こういう時は好きなだけやらせておくに限る、と友人を爽やかに見捨て、鳥口は隣で苦笑している青木へと話しかけた。
「青木さんは嫉妬とかしないんすか?」
益田から聞かされて随分経つのに、未だに青木が益田と付き合っている風には見えないのことが常々気になっていたのだ。
「え?誰に?」
「今だと大将とかにっすよ。自分の相手が誰かと仲良くしてるのみたら嫌だって人いるでしょ?なんか青木さんは笑ってみてるし、そういうの無いのかなと」
「あぁ―」
無感動な声を上げて、青木はしげしげと呻く益田を眺めたのち、頷いた。
「うん。そういうのは無いね」
「へー、そんなもんすか」
「束縛というかさ、縛り付ける気はないし。それに嫉妬なんていちいちしてたらキリがないよ」
そう言いながら青木が益田の方へと足を踏み出した。

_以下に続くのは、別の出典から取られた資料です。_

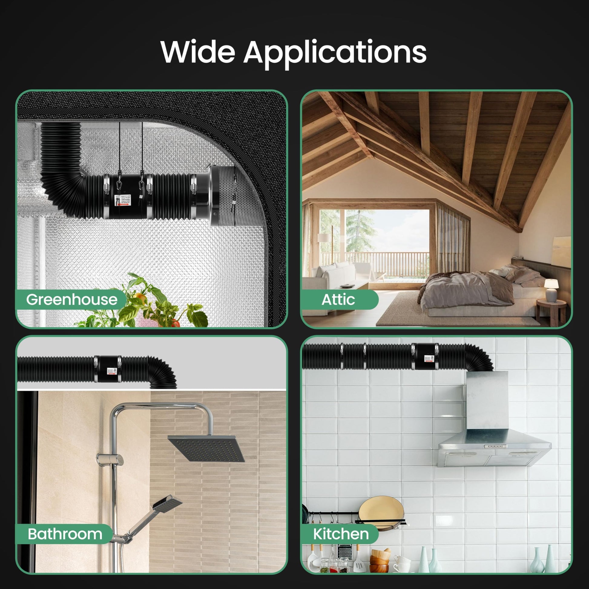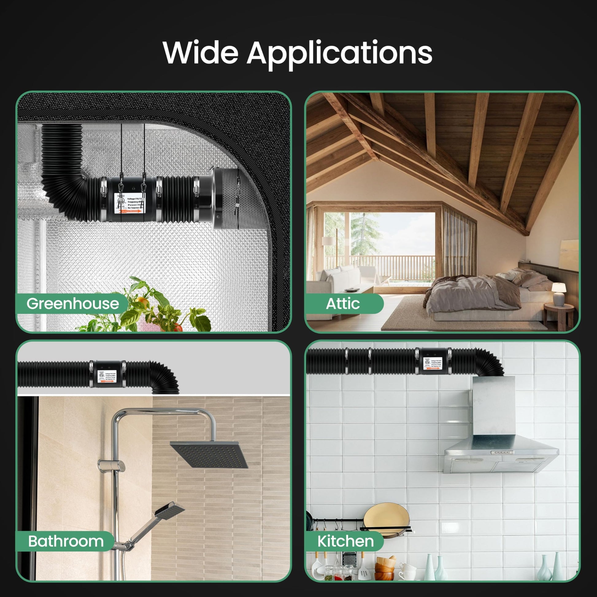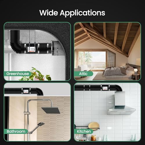 - Wide Applications: 8 round exhaust fan designed to boost airflow in HVAC systems, ventilate home spaces and use in grow tents as intake fans or exhaust fan. It can be used in bathrooms, kitchens, workshops, basements, attics and etc

見るに見かねたらしい。
「大体、僕が一番好かれてるんだから、もうそれで充分だろう」
こともなげに溢された言葉は、そのことに一切疑問を抱いていないようで。
からかい半分であったのに、すっかりあてられてしまった。
「青木さぁん!助けてください!」
「今行こうとしてたんだ。榎木津さん、すみません。もう勘弁してやってくれませんか。最中を食べるのを益田くんは金輪際やめるそうですから」
「え、僕はまだまだ食べますよ…って痛い!」
榎木津の見事なデコピンが炸裂した。
「…益田くん。君には学習能力ってものがないのか」
冷たい言葉をかけながら、青木が益田の額を覗き込む。
それでもその視線はいつになく甘さが含まれていて、ほんの少し赤くなった額を撫でる姿に至っては確実に恋人同士のものだった。
青木には節度があった。ただそれだけの話だったらしい。
青木と付き合ってるというのは益田の妄想なのではないかという心配は、この日鳥口から完全に消えた。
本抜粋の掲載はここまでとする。